W poniedziałek przewodniczący PO Borys Budka w imieniu Koalicji Obywatelskiej zaproponował, by wybory prezydenckie odbyły się 16 maja 2021 roku, a rząd automatycznie wprowadzał stan klęski żywiołowej w sytuacji, gdy stan epidemii trwałby dłużej niż 30 dni.
W rozmowie z Polsat News prezydent Andrzej Duda krytycznie podszedł do propozycji szefa PO. Ocenił, że "ustawianie całego stanu klęski żywiołowej wyłącznie ze względów wyborczych absolutnie nie mieści się w podstawach konstytucyjnych". - Ja słucham ministra zdrowia, to jest dla mnie ekspert - powiedział, odnosząc się do rekomendacji Łukasza Szumowskiego, według której tradycyjne głosowanie będzie bezpieczne najwcześniej za dwa lata.

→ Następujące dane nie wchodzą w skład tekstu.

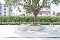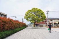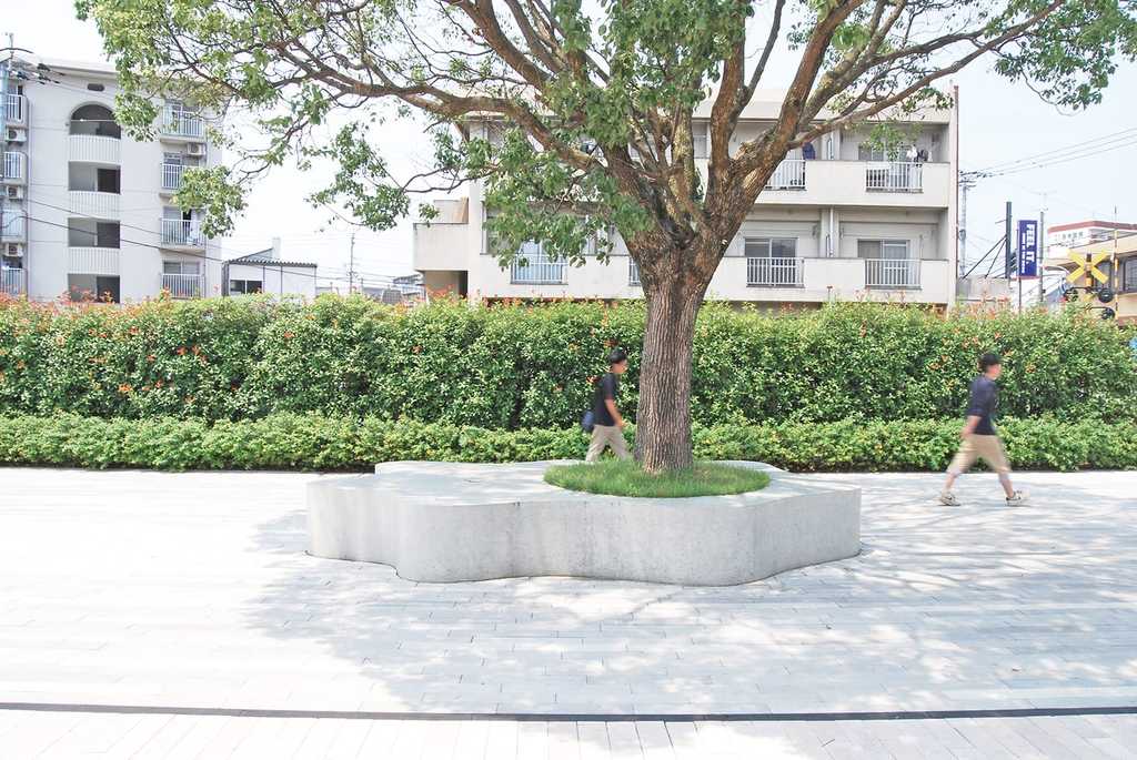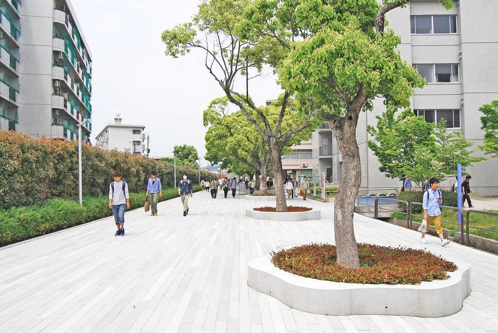 北門廣場主要是動線空間,計劃充分利用寬闊的街道,在學(xué)園節(jié)時也可以作為滯留空間使用。結(jié)合街道的直線設(shè)置,我們實施了纖細(xì)配色的鋪裝模式和現(xiàn)有樹周圍的花形坐凳等,使其成為具有親和力的舒適空間。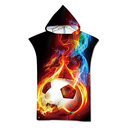 Highdi Swim Beach Poncho Towel Adults, Water Flame Ball Pattern Hooded Towel Beach Changing Robe/Towel Changing Robe Surf/Microfibre Water Absorbent Swimming Towel, fit Men Women (Football 1)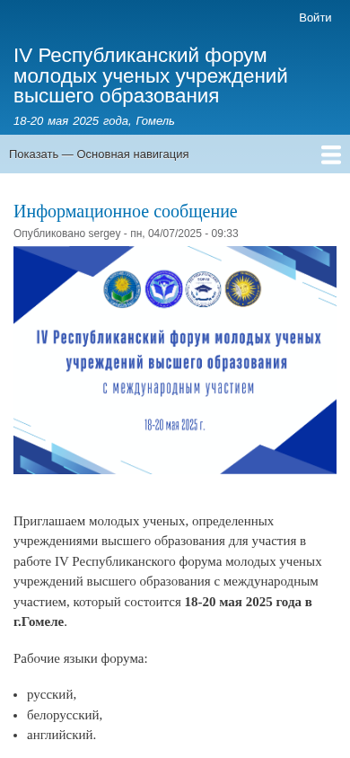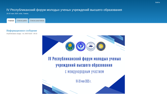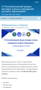 | AI-анализ | The website is for the IV Republican Forum of Young Scientists of Higher Education Institutions, which will take place from 18th to 20th May 2025 in the city of Homel, Belarus. The forum invites young scientists, defined by higher education institutions, to participate in discussions on various topics related to technology, economics, education, agriculture, and national security. The event will feature sections on current issues and future developments in technical, physical-mathematical, and natural sciences; contemporary economic development in the context of globalization and digitalization; challenges and prospects of education and human knowledge; fundamental and applied research in agriculture and veterinary science; and current questions related to national security in the Republic of Belarus. Participants can present their work through oral presentations or poster sessions. The site includes downloadable information about the program and subscription information. The site was created by Sergey B |

"Wszyscy głosowaliśmy tak samo"
Na uwagę, że również Lewica i PSL bez entuzjazmu odniosły się do jego propozycji Borys Budka powiedział w RMF FM, że głosowanie w Sejmie będzie prawdopodobnie 7 maja "i wówczas wszystko się rozstrzygnie". - I Lewica, i PSL, i Konfederacja, i Koalicja Obywatelska - wszyscy głosowaliśmy tak samo. Jesteśmy przeciwko wyborom korespondencyjnym i przeciwko wyborom w maju - dodał.
"Nikt odpowiedzialny nie będzie wzywał do udziału w takich wyborach"
Szef PO ocenił, że przedstawił "konkretny plan na bezpieczne i uczciwe wybory". - Pierwszym warunkiem, żeby go przeprowadzić, jest odrzucenie ustawy o głosowaniu korespondencyjnym - zaznaczył. Przyznał, że bez głosów części posłów Zjednoczonej Prawicy nie będzie to możliwe.